In addition, the dataset includes segmented images generated by the Otsu and Watershed methods, enabling a detailed analysis of the sample characteristics. The dataset provides two versions of images for each sample: one with high resolution and another with low resolution. For analysis and validation of the method, only the high resolution images were used (Figure 2), since they are more detailed and contain more information about the rock. Therefore, they are extremely useful for investigating diagenetic processes that affect rocks over time, such as cementation and mineral dissolution. These images have an average resolution of 1140 × 1200 pixels. For this reason, resizing was performed to standardize the resolutions. The images also allow three dimensional visualization of the internal texture and structure of the rocks, facilitating the analysis of mineral distribution, fractures, and heterogeneities.

2.2. Preprocessing

Image preprocessing is a crucial step in computer vision and image processing systems, aiming to enhance image quality to facilitate subsequent analyses. The preprocessing techniques evaluated and used were CLAHE [17] and histogram specification [10] (in this order). These methods are already widely applied to improve contrast and the visibility of details in digital images [18,19], particularly in microtomography images of rocks where these aspects are essential for the evaluation of their characteristics.

2.2.1. CLAHE

The CLAHE technique was developed to overcome the limitations of global equalization methods. Unlike traditional equalization, CLAHE divides the image into small regions called tiles and applies histogram equalization independently to each of them. After local equalization, the tiles are recombined through bilinear interpolation to avoid abrupt discontinuities between regions [20]. In the proposed method, the first preprocessing step is the application of CLAHE, as shown in Figure 3.

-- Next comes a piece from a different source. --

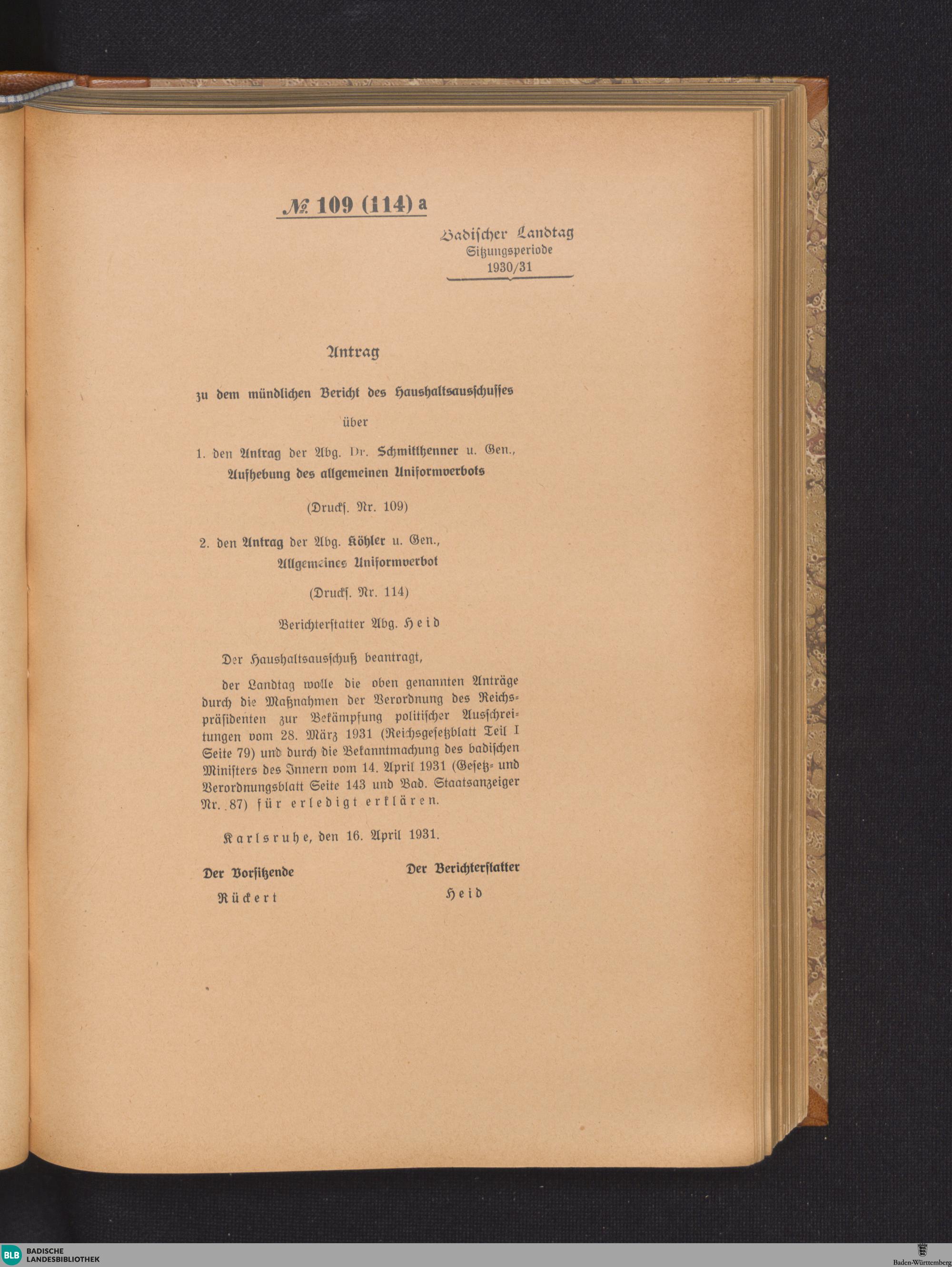 Nr. 109 (114) a. Antrag zu dem mündlichen Bericht des Haushaltsausschusses

2.2.2. Histogram Specification

Histogram specification is a technique that transforms the pixel intensity levels of an image so that its histogram approximates a desired reference histogram. Unlike histogram equalization, which aims to achieve a uniform distribution of intensity levels, histogram specification allows the shaping of the intensity distribution to meet specific contrast or appearance requirements. The process involves mapping the intensity levels of the original image to new values so that the resulting histogram matches the target histogram [21]. In the proposed method, the second preprocessing step is the application of histogram specification, as illustrated in Figure 4.
At the end, in order to match the input resolution required by the UNet neural network, the resulting images were resized to 512 × 512 pixels. Despite the resizing, no significant loss or severe distortions occurred, since the average resolution was already close to a square resolution [1:1].

2.3. Segmentation

2.3.1. UNet

The UNet neural network [12] has the ability to segment images even with a reduced dataset, using a symmetric architecture with skip connections. It stands out in several areas, such as medical image segmentation, geospatial mapping, object detection in aerial images, and real time image segmentation. The UNet architecture has a symmetric “U” shape, composed of two main parts: encoder and decoder.
The encoder functions as a traditional CNN, progressively extracting features through convolutional layers and downsampling operations (using max pooling). Each stage of the encoder consists of two 3 × 3 convolutions, followed by ReLU as the activation function, and a 2 × 2 max pooling layer, which reduces the spatial dimension by half. With this approach, the network captures high level patterns, reducing the image size while maintaining important semantic information.
The decoder reconstructs the segmented image through upsampling and convolutions, gradually increasing the image resolution. Each stage of the decoder includes an upsampling operation that doubles the image resolution, 3 × 3 convolutions followed by ReLU to refine features, and skip connections to recover spatial information lost in the encoder. Skip connections are fundamental to improve segmentation performance, as they help preserve fine details from the original image.
In this work, the UNet network was used as an edge detector, segmenting the edges of the regions of interest, that is, the regions corresponding to pores or empty spaces within the rock. It was chosen over traditional methods such as Canny [22] and Sobel [23] due to its ability to generalize edge segmentation for different types of rocks, which could not be achieved using traditional methods. An example of input and output is illustrated in Figure 5.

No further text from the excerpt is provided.